Chapada dos Guimarães inaugura “Sensitrilha” para deficientes visuais

Caminho no meio da mata foi preparado para deficientes visuais. Ideia deve ser levada para outros destinos

Sensitrilha oferece guias especializados para orientar deficientes visuais - Foto: Sebrae

“Aqui você abre sua percepção para outros sentidos como o tato, olfato e audição”, observa o músico Marcelo Ometto, mestrando em Ciências da Educação e deficiente visual com baixa visão, após percorrer a Sensitrilha.  Desenvolvido pelo Sebrae em Mato Grosso, em parceria com a Secretaria de Desenvolvimento do Turismo (Sedtur) do estado e a Prefeitura de Chapada dos Guimarães, o caminho tem 440 metros, no meio da mata.

A primeira parte da trilha tem declive de 3,8 metros na primeira parte do percurso e 4,5 metros na etapa final. A pista é dotada de sinalização tátil e cordões-guia, com travessia em ponte pênsil e 32 espécies da flora nativa do Cerrado mato-grossense descritas em braille. A diretora do Sebrae em Mato Grosso, Eneida Maria de Oliveira, explica que o objetivo é a formatação do produto turístico para depois a ideia ser levada a outros lugares do País. “Estamos testando o produto com os deficientes visuais. Eles é que vão dizer o que pode ser melhorado para que a Sensitrilha seja, depois, apresentada ao mercado nacional”, observa.

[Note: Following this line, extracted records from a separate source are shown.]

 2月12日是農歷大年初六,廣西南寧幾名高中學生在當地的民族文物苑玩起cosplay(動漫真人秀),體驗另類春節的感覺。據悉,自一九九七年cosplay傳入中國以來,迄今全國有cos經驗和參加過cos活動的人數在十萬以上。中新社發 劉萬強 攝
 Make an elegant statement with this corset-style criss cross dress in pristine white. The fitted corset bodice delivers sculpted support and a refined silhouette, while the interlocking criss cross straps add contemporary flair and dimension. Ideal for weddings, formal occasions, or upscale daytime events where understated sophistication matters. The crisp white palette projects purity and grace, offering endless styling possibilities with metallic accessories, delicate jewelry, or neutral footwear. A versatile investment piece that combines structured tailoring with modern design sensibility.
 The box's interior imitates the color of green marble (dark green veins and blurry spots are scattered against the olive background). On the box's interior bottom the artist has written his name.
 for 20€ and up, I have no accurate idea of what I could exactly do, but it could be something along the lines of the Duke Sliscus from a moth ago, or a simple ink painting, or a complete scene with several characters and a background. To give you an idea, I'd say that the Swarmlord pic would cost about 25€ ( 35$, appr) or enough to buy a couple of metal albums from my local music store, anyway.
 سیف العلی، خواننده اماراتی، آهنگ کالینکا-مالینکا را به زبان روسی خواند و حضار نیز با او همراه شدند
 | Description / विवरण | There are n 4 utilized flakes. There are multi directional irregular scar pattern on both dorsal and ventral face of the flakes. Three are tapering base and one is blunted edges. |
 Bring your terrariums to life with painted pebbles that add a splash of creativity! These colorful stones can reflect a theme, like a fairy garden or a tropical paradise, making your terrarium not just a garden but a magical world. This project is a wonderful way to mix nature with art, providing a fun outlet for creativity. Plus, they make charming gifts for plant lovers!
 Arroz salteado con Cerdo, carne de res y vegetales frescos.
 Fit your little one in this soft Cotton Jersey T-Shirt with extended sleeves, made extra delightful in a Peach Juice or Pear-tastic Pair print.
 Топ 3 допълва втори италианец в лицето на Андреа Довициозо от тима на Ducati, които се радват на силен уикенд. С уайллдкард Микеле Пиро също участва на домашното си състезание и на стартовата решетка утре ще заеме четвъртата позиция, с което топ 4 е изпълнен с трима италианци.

Localizada no empreendimento Espaço Chapada Aventura, no Vale da Bênção, a 4 Km do centro de Chapada dos Guimarães, o teste da primeira trilha do gênero no estado foi feito por um grupo de portadores de deficiência visual (cegos e pessoas de baixa visão) com apoio do Centro de Apoio e Suporte à Inclusão da Educação Especial (Casies). Com 2% da visão, Jackson Mercado Freitas, pedagogo especializado em educação especial, aprovou a Sensitrilha. “É um avanço espetacular que acontece em Mato Grosso. A gente percebe que cidades como Cuiabá, por exemplo, têm acessibilidade para deficientes físicos, mas não contemplam o deficiente visual”, pontua.

“Essa árvore aqui é um ingá”, diz o estudante Carlos Augusto Rodrigues, 17 anos, que perdeu a visão aos 13. “A gente é capaz de fazer todas as coisas, melhor até que um vidente. Eu gosto da natureza e hoje vou conhecer melhor algumas plantas”, disse. A coordenadora do Casies, Silvana Consuelo, observa que, para o grupo, percorrer as trilhas é um desafio muito animador. “Para nós é um primeiro passo no sentido de abrir em Mato Grosso o turismo de acessibilidade. Todos querem experimentar e o próximo passo será nas cavernas”, disse.

O coordenador de Turismo Rural da Sedtur, Geraldo Lúcio, explica que a preocupação foi desenvolver um projeto piloto pautado pela ótica da inclusão. “Testamos primeiro aqui e vamos, depois, mostrar ao Brasil e ao mundo”, disse. O vice-prefeito de Chapada dos Guimarães, Elias Santos, percorreu a trilha com os olhos vendados. “Quis sentir o que uma pessoa com deficiência visual sentiria. É uma sensação de dependência e, ao mesmo tempo, de liberdade”, frisou.